# Integrated Garage door opener...how to re-program



## John P Smith (Oct 19, 2004)

any idea? Many thanks.


----------



## AsianImage (Oct 10, 2004)

I just watched my CD ROM!
I know I know!!!

OK..press the 1 and 3 buttons simultaneously for a few seconds to clear the memory. Then press your remote that you want the car to "learn" and the button you want to learn so let's say 1. Press both while holding your remote no more than 2" away..and the green light should blink fast and then you are done.

Senior members please correct me if I am wrong!


----------



## vexed (Dec 22, 2001)

Try this

http://www.bimmerboard.com/forums/posts/689


----------



## LA525iT (Oct 27, 2003)

There is an additional step on some openers. On my genie screwdrive, after I programmed the car I had to hit another button on the opener and then hit the button inside the car so they could get to know each other.


----------



## Mr. The Edge (Dec 19, 2001)

www.homelink.com


----------



## FenPhen (Jan 13, 2004)

It should also be convered in your manual.


----------



## M.Wong (Jan 9, 2003)

I am a little late on this thread, so hopefully you already have it worked out. 

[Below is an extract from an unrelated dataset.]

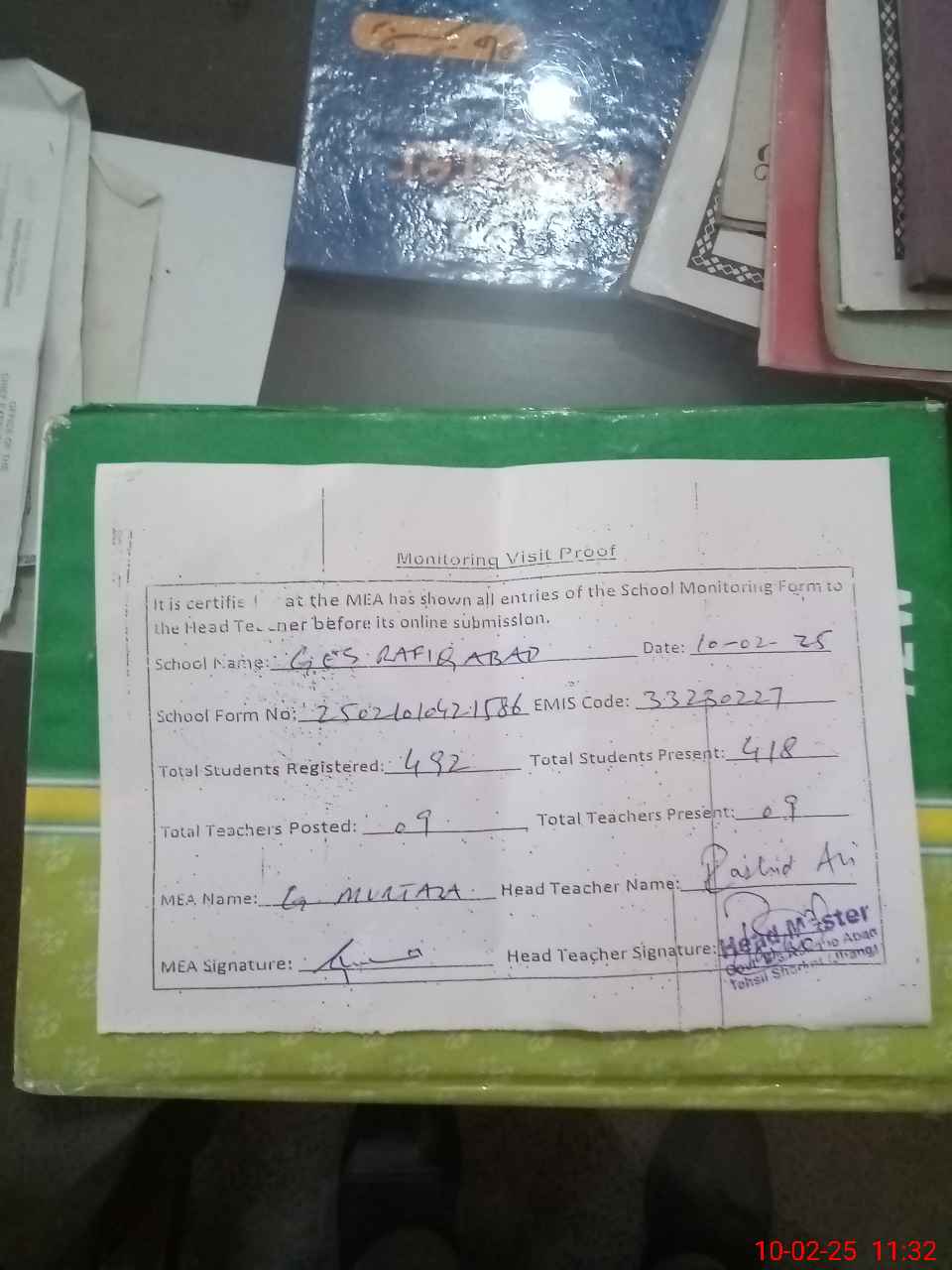 | EMIS Code: 33230227 | Name of School: GES RAFIQ ABAD | |||

The most common problem I have heard of in the past, not pressing 1 and 3 long enough to reset the codes. It has taken some people 45-60 seconds.

Also, very important is learning how your garage door opener 'learns' new remotes. You may need to do some research, digging up your opener manual or looking for it on-line.




UGDO: 

(1997 or earlier cars with a garage door opener that emits a RED light doesn't work with rolling code systems. Instead it must be replaced with a unit that has a yellow or amber light.)

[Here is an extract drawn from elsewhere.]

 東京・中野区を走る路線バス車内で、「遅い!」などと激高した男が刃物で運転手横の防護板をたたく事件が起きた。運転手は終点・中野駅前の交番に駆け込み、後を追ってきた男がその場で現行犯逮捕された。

Test the unit by turning the ignition key to the accessory position and pressing and holding the first and third buttons on the UGDO. (Mainly a check for those who install this aftermarket/themselves.)The yellow LED should illuminate on the unit. 

Continue to hold the first and third buttons for about 40-60 seconds. The LED should begin to flash rapidly. This is an indication that the unit has been 'cleared' of all programming, and is ready to be programmed. If these lights do not come on in this manner, the UGDO may be wired wrong. 

Hold your remote to the UGDO. 
Press and hold a button on your remote and the corresponding UGDO button you choose. 
When the LED flashes, it is programmed. 
Repeat for up to three doors. 

With rolling codes, you will need to ‘initialize’ or teach the opener that you have a new remote control. Go to your opener instructions and it should have a section for “To Add a Remote Control.” 

You generally need two people to do this, one in the car and one at the machine or wall mounted door buttons. But, I liked that a tall E38 owner said he opened his sunroof and stood up (socks, no shoes on the seats) and was able to reach the opener motor unit at the same time he was in the car!) 



Here is how the Sears Craftsman works: 

Sears Craftsman with ‘premium’ wall mounted door control. 
With the garage door closed, press and hold a remote control push button. 
Press and hold the light button on the wall mounted door control. 
Press and hold the open/close button on the wall mounted door control. 
After the door opener light on the machine flashes, release all buttons. 

Sears Craftsman with regular wall mounted door control. 
With the garage door closed, press and hold a remote control push button. 
Press and release the “SRT” or “LEARN” button on the panel of the opener machine. 
(You need a ladder) The indicator light on the machine will start blinking and the opener light will flash once. 
Release the remote control push button. 

Good luck!


----------